Data for this exercise

• • •

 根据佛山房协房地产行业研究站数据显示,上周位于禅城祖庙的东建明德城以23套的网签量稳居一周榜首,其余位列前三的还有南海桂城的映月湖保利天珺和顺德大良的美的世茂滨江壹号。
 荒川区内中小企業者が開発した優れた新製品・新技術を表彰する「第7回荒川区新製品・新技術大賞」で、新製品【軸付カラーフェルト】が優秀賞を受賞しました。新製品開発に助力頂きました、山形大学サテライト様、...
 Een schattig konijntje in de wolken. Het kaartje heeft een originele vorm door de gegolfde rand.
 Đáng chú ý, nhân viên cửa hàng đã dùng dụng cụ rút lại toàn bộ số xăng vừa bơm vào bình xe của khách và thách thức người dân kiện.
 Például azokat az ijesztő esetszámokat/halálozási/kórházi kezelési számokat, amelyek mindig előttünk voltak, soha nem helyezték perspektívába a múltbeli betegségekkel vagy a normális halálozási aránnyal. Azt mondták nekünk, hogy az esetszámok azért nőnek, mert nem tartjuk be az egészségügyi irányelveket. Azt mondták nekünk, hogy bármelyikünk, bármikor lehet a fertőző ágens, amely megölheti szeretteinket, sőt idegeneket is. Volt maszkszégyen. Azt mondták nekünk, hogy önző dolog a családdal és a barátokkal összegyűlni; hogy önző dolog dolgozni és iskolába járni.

• • •

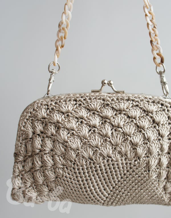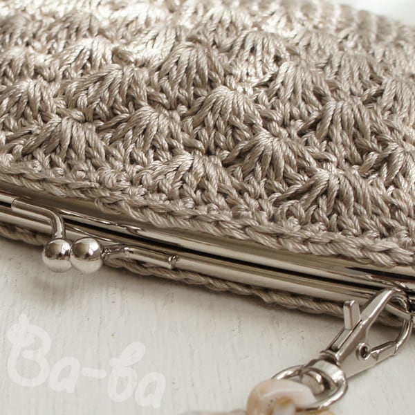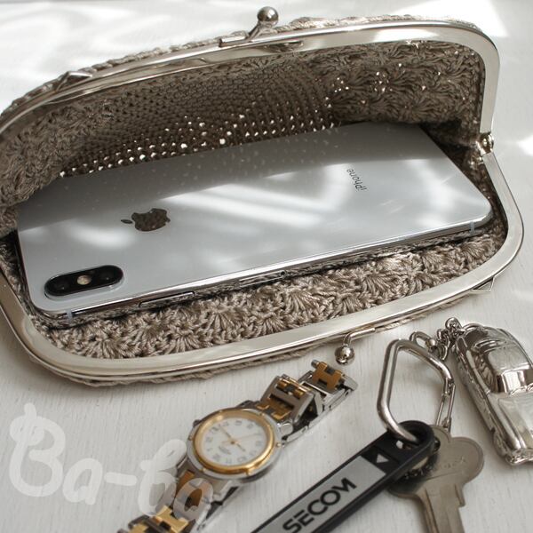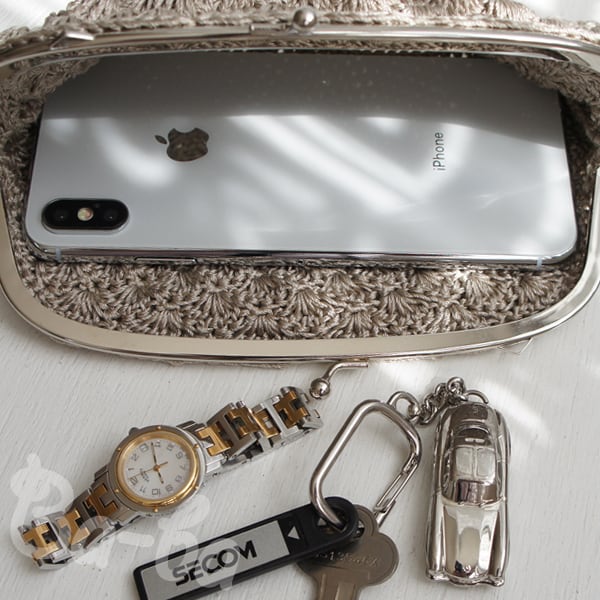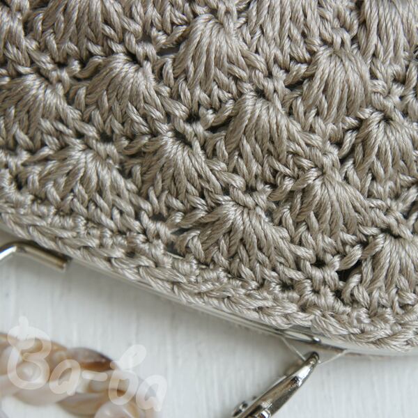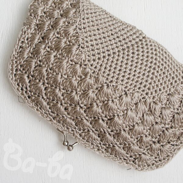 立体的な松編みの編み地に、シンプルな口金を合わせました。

• • •

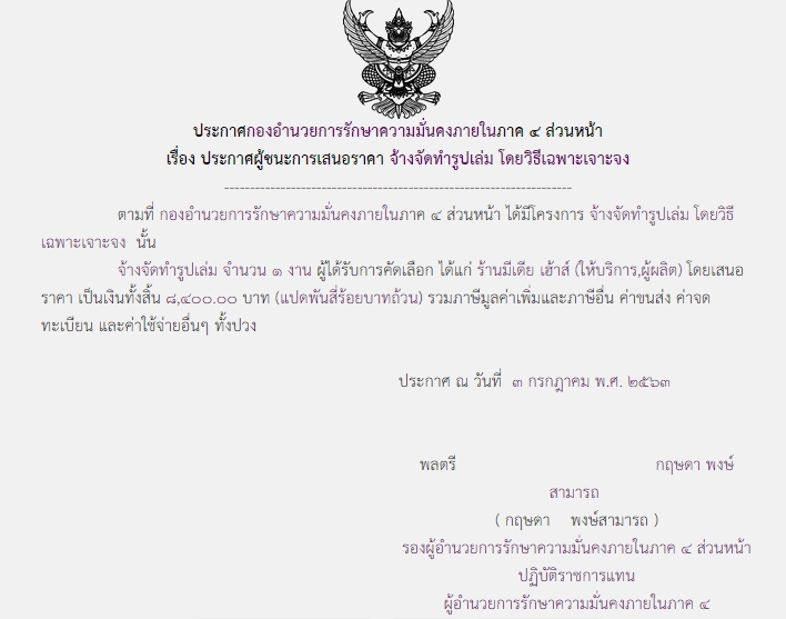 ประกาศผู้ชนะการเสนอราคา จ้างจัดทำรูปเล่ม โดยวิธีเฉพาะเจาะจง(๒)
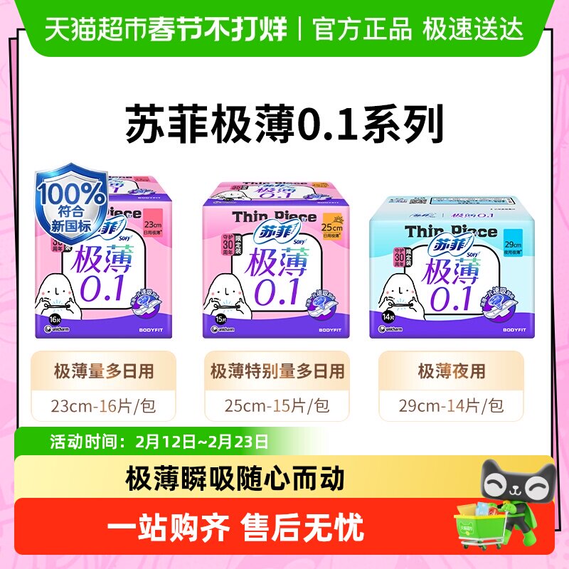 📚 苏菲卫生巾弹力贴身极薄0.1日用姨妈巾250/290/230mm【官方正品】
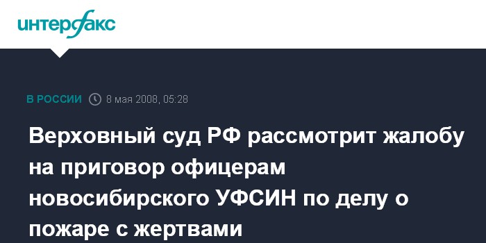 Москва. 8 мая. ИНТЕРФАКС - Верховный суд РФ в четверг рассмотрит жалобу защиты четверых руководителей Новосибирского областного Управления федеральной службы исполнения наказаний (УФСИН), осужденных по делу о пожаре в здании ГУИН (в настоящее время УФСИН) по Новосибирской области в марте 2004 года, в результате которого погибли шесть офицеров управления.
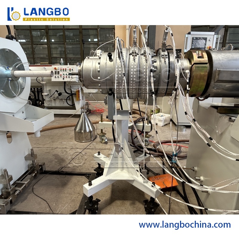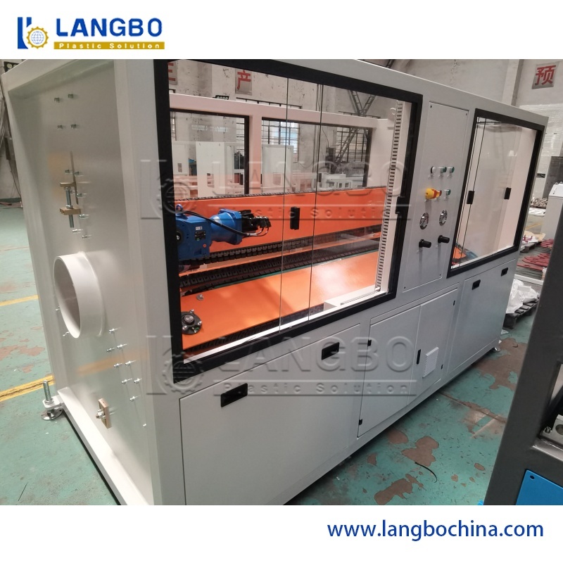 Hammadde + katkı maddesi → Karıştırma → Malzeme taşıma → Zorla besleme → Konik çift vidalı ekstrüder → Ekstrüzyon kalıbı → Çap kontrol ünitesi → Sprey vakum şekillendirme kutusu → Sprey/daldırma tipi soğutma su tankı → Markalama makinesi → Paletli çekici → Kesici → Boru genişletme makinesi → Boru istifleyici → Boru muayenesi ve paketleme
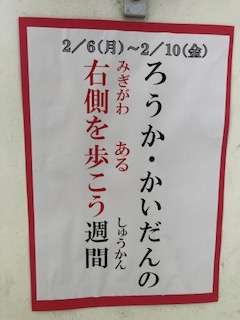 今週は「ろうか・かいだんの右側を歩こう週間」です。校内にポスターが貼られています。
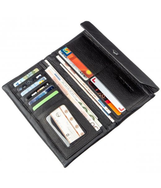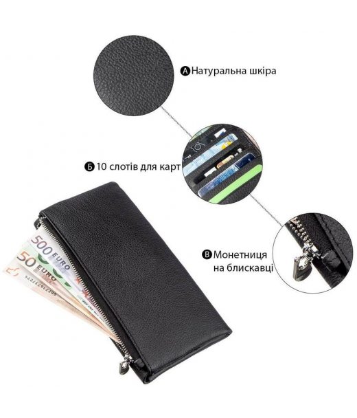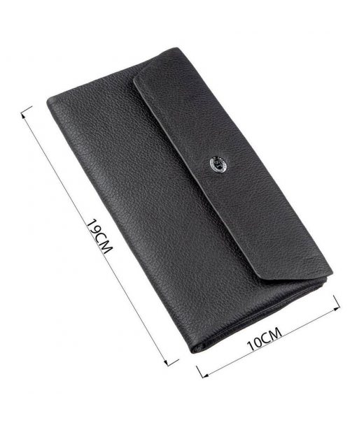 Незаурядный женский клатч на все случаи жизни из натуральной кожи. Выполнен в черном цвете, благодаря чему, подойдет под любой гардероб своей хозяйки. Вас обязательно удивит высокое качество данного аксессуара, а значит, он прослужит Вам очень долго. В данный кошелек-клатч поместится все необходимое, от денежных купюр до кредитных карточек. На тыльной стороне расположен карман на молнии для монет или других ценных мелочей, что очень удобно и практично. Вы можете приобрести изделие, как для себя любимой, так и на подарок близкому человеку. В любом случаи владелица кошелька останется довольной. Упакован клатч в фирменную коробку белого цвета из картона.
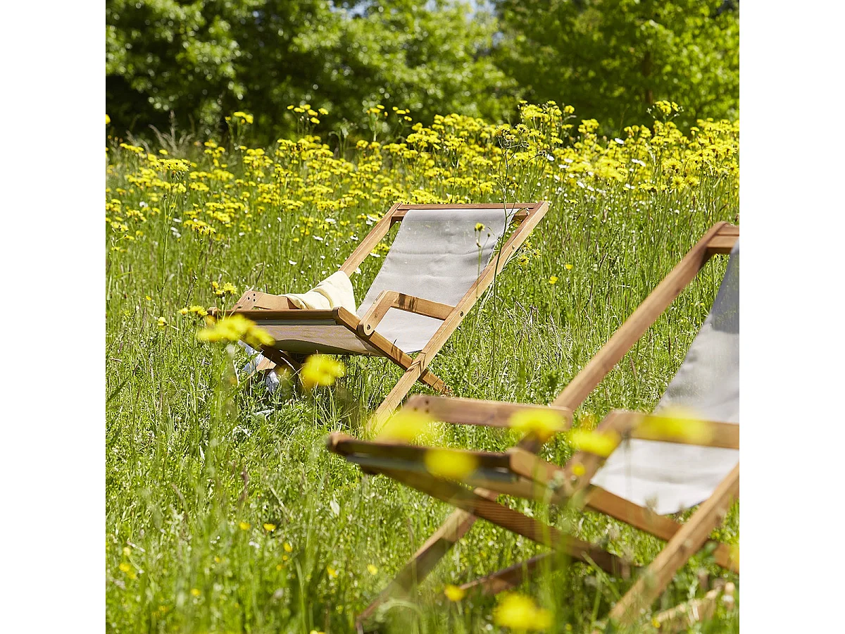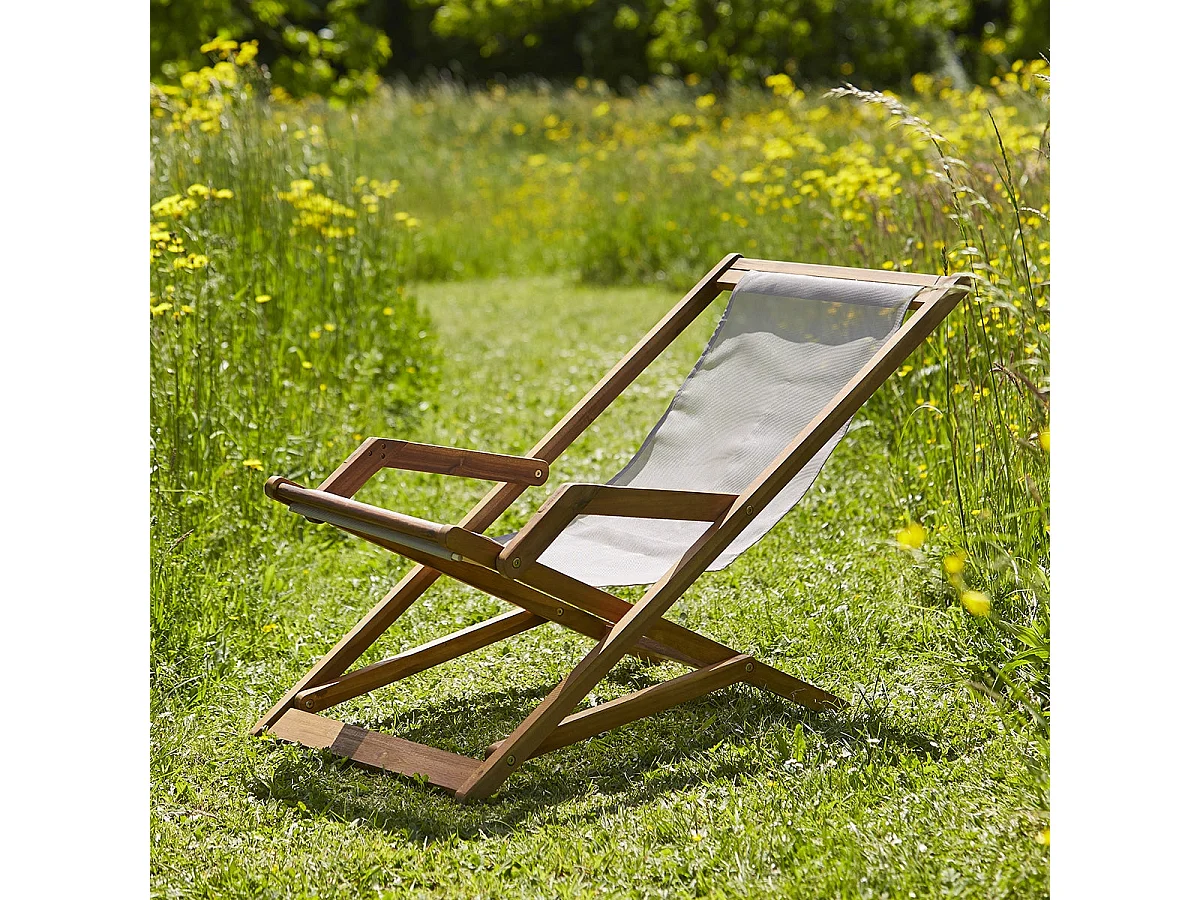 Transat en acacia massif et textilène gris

• • •

About this exercise
Your answer should consist solely of the lines above from the line with "根据佛山房协房地产行业研究站" to the line with "Đáng chú ý, nhân", both included, reproduced exactly.

Completed exercise
 根据佛山房协房地产行业研究站数据显示,上周位于禅城祖庙的东建明德城以23套的网签量稳居一周榜首,其余位列前三的还有南海桂城的映月湖保利天珺和顺德大良的美的世茂滨江壹号。
 荒川区内中小企業者が開発した優れた新製品・新技術を表彰する「第7回荒川区新製品・新技術大賞」で、新製品【軸付カラーフェルト】が優秀賞を受賞しました。新製品開発に助力頂きました、山形大学サテライト様、...
 Een schattig konijntje in de wolken. Het kaartje heeft een originele vorm door de gegolfde rand.
 Đáng chú ý, nhân viên cửa hàng đã dùng dụng cụ rút lại toàn bộ số xăng vừa bơm vào bình xe của khách và thách thức người dân kiện.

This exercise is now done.